**INSTRUCTIONS TO FOLLOW:**
In the material below, please retype the lines from the very first through the one with "British troops storm", exactly and without pictures.
(INPUT DATA)
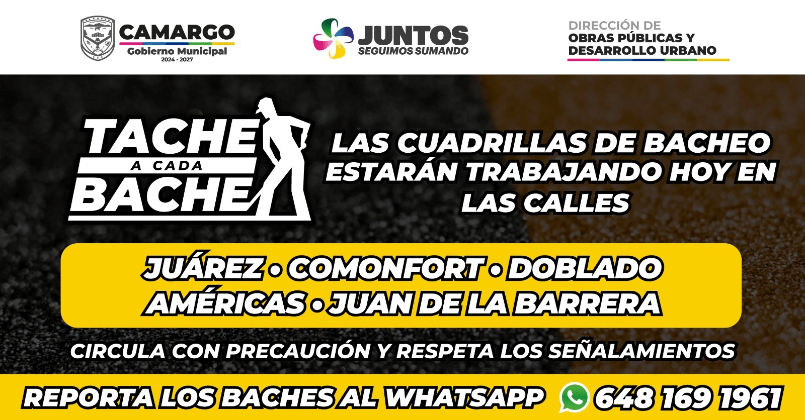 El Gobierno Municipal de Camargo, a través de la Dirección de Obras Públicas y Desarrollo Urbano, informa que este día las cuadrillas de bacheo estarán trabajando en distintos puntos de la ciudad como parte del programa “Tache a Cada Bache”.
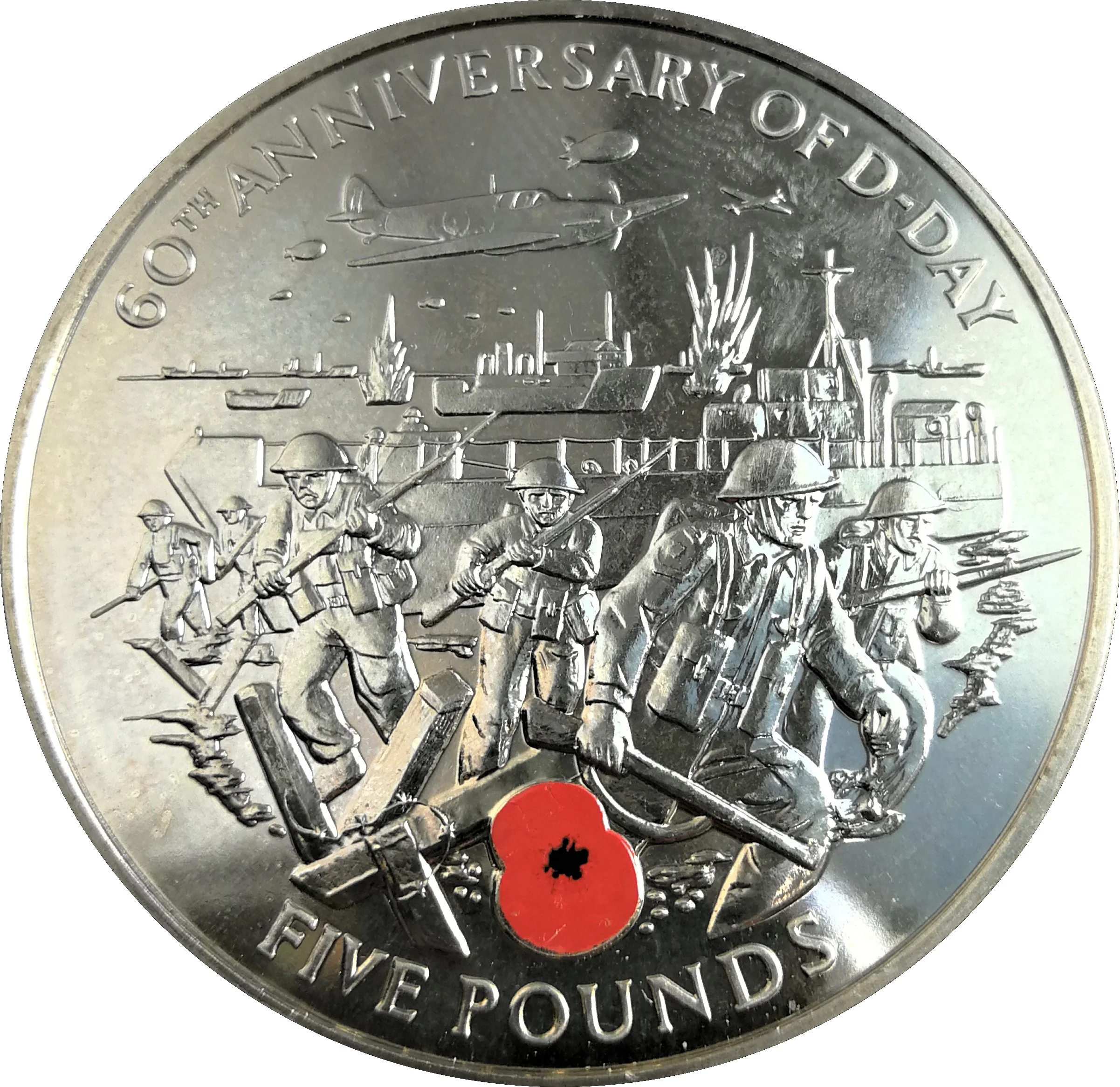 British troops storm ashore, with landing craft, aircraft, and barrage balloons overhead. A red poppy is at the bottom.
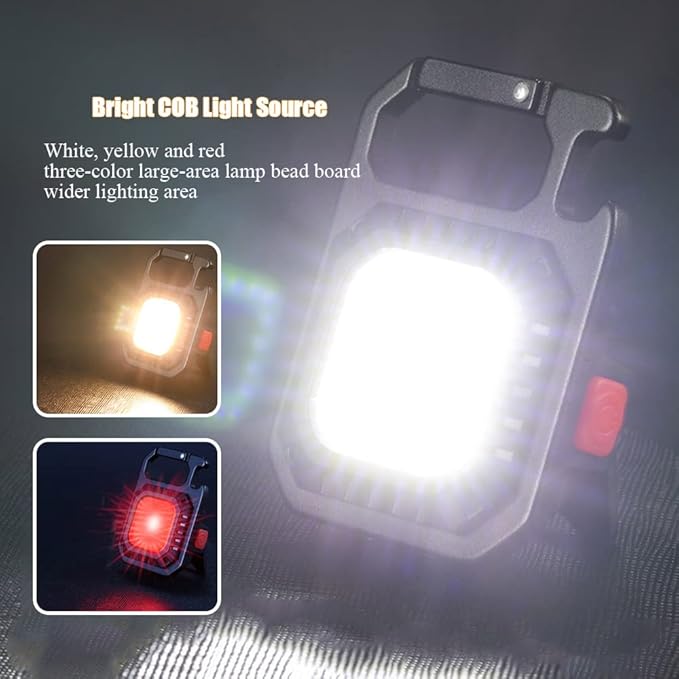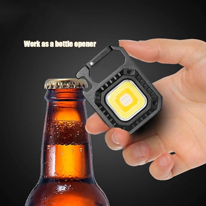 Mini LED Flashlight COB Rechargeable Keychain with 7 Light Modes Portable Pocket Light 500 Lumens Max with Folding Bracket Bottle Opener for Fishing Walking Camping (Type-1)
(End INPUT DATA)
**EXPECTED ANSWER:**
 El Gobierno Municipal de Camargo, a través de la Dirección de Obras Públicas y Desarrollo Urbano, informa que este día las cuadrillas de bacheo estarán trabajando en distintos puntos de la ciudad como parte del programa “Tache a Cada Bache”.
 British troops storm ashore, with landing craft, aircraft, and barrage balloons overhead. A red poppy is at the bottom.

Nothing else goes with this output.